Directions: Restate the entries below without a single change.

Dataset content:
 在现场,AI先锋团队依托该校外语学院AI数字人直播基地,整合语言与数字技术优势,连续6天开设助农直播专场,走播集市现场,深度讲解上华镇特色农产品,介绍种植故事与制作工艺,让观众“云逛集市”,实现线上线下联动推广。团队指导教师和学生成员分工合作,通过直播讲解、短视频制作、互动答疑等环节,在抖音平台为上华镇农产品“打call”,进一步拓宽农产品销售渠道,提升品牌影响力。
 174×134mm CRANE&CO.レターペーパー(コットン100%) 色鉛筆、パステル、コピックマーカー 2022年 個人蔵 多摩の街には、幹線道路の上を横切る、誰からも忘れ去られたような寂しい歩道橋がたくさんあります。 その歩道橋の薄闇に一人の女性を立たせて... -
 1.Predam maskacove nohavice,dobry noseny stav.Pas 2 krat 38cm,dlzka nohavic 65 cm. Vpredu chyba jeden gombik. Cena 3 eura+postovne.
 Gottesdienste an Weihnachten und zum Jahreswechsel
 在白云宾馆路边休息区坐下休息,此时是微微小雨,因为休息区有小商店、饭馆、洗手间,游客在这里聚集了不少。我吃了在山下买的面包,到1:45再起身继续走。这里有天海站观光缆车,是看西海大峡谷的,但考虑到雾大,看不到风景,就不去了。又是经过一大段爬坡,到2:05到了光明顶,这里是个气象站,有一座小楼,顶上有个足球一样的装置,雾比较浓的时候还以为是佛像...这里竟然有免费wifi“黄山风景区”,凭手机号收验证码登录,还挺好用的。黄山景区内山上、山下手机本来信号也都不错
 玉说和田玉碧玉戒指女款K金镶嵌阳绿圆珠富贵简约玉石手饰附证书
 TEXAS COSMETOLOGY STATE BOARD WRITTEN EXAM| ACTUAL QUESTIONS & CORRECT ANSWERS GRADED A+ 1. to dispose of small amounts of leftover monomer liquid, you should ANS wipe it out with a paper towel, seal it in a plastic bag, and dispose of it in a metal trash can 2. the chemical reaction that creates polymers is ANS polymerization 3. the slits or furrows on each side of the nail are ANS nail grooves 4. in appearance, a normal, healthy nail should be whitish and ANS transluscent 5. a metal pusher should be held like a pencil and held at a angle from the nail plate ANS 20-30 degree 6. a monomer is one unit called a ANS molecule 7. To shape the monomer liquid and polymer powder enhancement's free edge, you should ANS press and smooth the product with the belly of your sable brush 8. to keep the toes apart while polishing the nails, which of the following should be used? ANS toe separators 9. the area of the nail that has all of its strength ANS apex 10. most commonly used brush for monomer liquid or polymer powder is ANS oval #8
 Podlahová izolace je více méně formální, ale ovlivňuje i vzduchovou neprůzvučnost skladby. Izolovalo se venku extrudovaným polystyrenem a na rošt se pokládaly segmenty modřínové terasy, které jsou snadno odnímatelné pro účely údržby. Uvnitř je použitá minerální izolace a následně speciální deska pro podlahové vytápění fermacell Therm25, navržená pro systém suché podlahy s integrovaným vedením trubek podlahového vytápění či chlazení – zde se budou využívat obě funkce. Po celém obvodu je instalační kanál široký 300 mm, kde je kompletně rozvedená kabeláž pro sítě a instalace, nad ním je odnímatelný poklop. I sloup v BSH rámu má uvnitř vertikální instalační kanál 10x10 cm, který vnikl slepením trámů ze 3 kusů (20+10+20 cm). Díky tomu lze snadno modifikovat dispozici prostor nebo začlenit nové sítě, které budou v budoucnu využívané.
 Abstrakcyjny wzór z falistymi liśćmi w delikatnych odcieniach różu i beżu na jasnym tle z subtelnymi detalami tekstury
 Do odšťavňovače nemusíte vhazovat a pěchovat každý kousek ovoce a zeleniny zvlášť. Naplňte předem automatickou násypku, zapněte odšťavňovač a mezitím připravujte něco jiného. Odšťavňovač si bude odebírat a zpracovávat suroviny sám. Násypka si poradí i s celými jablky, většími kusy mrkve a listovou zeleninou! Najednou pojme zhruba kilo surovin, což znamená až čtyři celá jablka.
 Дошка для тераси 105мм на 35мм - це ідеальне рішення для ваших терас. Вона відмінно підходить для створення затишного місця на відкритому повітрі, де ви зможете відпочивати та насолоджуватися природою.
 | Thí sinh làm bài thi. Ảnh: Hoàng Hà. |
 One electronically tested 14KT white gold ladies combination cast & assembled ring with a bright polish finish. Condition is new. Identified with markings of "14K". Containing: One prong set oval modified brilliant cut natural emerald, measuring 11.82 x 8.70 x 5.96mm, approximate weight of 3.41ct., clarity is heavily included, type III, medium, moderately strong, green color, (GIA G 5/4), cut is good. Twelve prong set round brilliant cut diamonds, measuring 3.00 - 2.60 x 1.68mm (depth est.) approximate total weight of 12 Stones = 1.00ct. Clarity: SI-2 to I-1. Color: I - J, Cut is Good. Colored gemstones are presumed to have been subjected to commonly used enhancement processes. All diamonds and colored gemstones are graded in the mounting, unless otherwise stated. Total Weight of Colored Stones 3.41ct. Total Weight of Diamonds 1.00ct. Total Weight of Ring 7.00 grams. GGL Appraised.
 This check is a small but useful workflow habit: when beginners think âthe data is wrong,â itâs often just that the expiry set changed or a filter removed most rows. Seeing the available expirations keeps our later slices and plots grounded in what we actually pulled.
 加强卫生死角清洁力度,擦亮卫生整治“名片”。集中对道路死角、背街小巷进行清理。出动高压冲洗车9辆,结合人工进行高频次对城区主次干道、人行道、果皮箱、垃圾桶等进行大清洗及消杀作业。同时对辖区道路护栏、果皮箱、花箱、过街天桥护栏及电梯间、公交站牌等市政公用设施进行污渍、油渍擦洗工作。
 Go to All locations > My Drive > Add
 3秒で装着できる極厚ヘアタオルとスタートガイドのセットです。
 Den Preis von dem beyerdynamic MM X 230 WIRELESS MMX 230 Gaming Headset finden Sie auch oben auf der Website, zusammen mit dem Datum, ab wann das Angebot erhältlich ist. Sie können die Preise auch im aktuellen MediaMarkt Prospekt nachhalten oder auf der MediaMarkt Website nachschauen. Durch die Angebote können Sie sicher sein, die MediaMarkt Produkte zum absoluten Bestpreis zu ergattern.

Output of the task:
 在现场,AI先锋团队依托该校外语学院AI数字人直播基地,整合语言与数字技术优势,连续6天开设助农直播专场,走播集市现场,深度讲解上华镇特色农产品,介绍种植故事与制作工艺,让观众“云逛集市”,实现线上线下联动推广。团队指导教师和学生成员分工合作,通过直播讲解、短视频制作、互动答疑等环节,在抖音平台为上华镇农产品“打call”,进一步拓宽农产品销售渠道,提升品牌影响力。
 174×134mm CRANE&CO.レターペーパー(コットン100%) 色鉛筆、パステル、コピックマーカー 2022年 個人蔵 多摩の街には、幹線道路の上を横切る、誰からも忘れ去られたような寂しい歩道橋がたくさんあります。 その歩道橋の薄闇に一人の女性を立たせて... -
 1.Predam maskacove nohavice,dobry noseny stav.Pas 2 krat 38cm,dlzka nohavic 65 cm. Vpredu chyba jeden gombik. Cena 3 eura+postovne.
 Gottesdienste an Weihnachten und zum Jahreswechsel
 在白云宾馆路边休息区坐下休息,此时是微微小雨,因为休息区有小商店、饭馆、洗手间,游客在这里聚集了不少。我吃了在山下买的面包,到1:45再起身继续走。这里有天海站观光缆车,是看西海大峡谷的,但考虑到雾大,看不到风景,就不去了。又是经过一大段爬坡,到2:05到了光明顶,这里是个气象站,有一座小楼,顶上有个足球一样的装置,雾比较浓的时候还以为是佛像...这里竟然有免费wifi“黄山风景区”,凭手机号收验证码登录,还挺好用的。黄山景区内山上、山下手机本来信号也都不错
 玉说和田玉碧玉戒指女款K金镶嵌阳绿圆珠富贵简约玉石手饰附证书
 TEXAS COSMETOLOGY STATE BOARD WRITTEN EXAM| ACTUAL QUESTIONS & CORRECT ANSWERS GRADED A+ 1. to dispose of small amounts of leftover monomer liquid, you should ANS wipe it out with a paper towel, seal it in a plastic bag, and dispose of it in a metal trash can 2. the chemical reaction that creates polymers is ANS polymerization 3. the slits or furrows on each side of the nail are ANS nail grooves 4. in appearance, a normal, healthy nail should be whitish and ANS transluscent 5. a metal pusher should be held like a pencil and held at a angle from the nail plate ANS 20-30 degree 6. a monomer is one unit called a ANS molecule 7. To shape the monomer liquid and polymer powder enhancement's free edge, you should ANS press and smooth the product with the belly of your sable brush 8. to keep the toes apart while polishing the nails, which of the following should be used? ANS toe separators 9. the area of the nail that has all of its strength ANS apex 10. most commonly used brush for monomer liquid or polymer powder is ANS oval #8
 Podlahová izolace je více méně formální, ale ovlivňuje i vzduchovou neprůzvučnost skladby. Izolovalo se venku extrudovaným polystyrenem a na rošt se pokládaly segmenty modřínové terasy, které jsou snadno odnímatelné pro účely údržby. Uvnitř je použitá minerální izolace a následně speciální deska pro podlahové vytápění fermacell Therm25, navržená pro systém suché podlahy s integrovaným vedením trubek podlahového vytápění či chlazení – zde se budou využívat obě funkce. Po celém obvodu je instalační kanál široký 300 mm, kde je kompletně rozvedená kabeláž pro sítě a instalace, nad ním je odnímatelný poklop. I sloup v BSH rámu má uvnitř vertikální instalační kanál 10x10 cm, který vnikl slepením trámů ze 3 kusů (20+10+20 cm). Díky tomu lze snadno modifikovat dispozici prostor nebo začlenit nové sítě, které budou v budoucnu využívané.
 Abstrakcyjny wzór z falistymi liśćmi w delikatnych odcieniach różu i beżu na jasnym tle z subtelnymi detalami tekstury
 Do odšťavňovače nemusíte vhazovat a pěchovat každý kousek ovoce a zeleniny zvlášť. Naplňte předem automatickou násypku, zapněte odšťavňovač a mezitím připravujte něco jiného. Odšťavňovač si bude odebírat a zpracovávat suroviny sám. Násypka si poradí i s celými jablky, většími kusy mrkve a listovou zeleninou! Najednou pojme zhruba kilo surovin, což znamená až čtyři celá jablka.
 Дошка для тераси 105мм на 35мм - це ідеальне рішення для ваших терас. Вона відмінно підходить для створення затишного місця на відкритому повітрі, де ви зможете відпочивати та насолоджуватися природою.
 | Thí sinh làm bài thi. Ảnh: Hoàng Hà. |
 One electronically tested 14KT white gold ladies combination cast & assembled ring with a bright polish finish. Condition is new. Identified with markings of "14K". Containing: One prong set oval modified brilliant cut natural emerald, measuring 11.82 x 8.70 x 5.96mm, approximate weight of 3.41ct., clarity is heavily included, type III, medium, moderately strong, green color, (GIA G 5/4), cut is good. Twelve prong set round brilliant cut diamonds, measuring 3.00 - 2.60 x 1.68mm (depth est.) approximate total weight of 12 Stones = 1.00ct. Clarity: SI-2 to I-1. Color: I - J, Cut is Good. Colored gemstones are presumed to have been subjected to commonly used enhancement processes. All diamonds and colored gemstones are graded in the mounting, unless otherwise stated. Total Weight of Colored Stones 3.41ct. Total Weight of Diamonds 1.00ct. Total Weight of Ring 7.00 grams. GGL Appraised.
 This check is a small but useful workflow habit: when beginners think âthe data is wrong,â itâs often just that the expiry set changed or a filter removed most rows. Seeing the available expirations keeps our later slices and plots grounded in what we actually pulled.
 加强卫生死角清洁力度,擦亮卫生整治“名片”。集中对道路死角、背街小巷进行清理。出动高压冲洗车9辆,结合人工进行高频次对城区主次干道、人行道、果皮箱、垃圾桶等进行大清洗及消杀作业。同时对辖区道路护栏、果皮箱、花箱、过街天桥护栏及电梯间、公交站牌等市政公用设施进行污渍、油渍擦洗工作。
 Go to All locations > My Drive > Add
 3秒で装着できる極厚ヘアタオルとスタートガイドのセットです。
 Den Preis von dem beyerdynamic MM X 230 WIRELESS MMX 230 Gaming Headset finden Sie auch oben auf der Website, zusammen mit dem Datum, ab wann das Angebot erhältlich ist. Sie können die Preise auch im aktuellen MediaMarkt Prospekt nachhalten oder auf der MediaMarkt Website nachschauen. Durch die Angebote können Sie sicher sein, die MediaMarkt Produkte zum absoluten Bestpreis zu ergattern.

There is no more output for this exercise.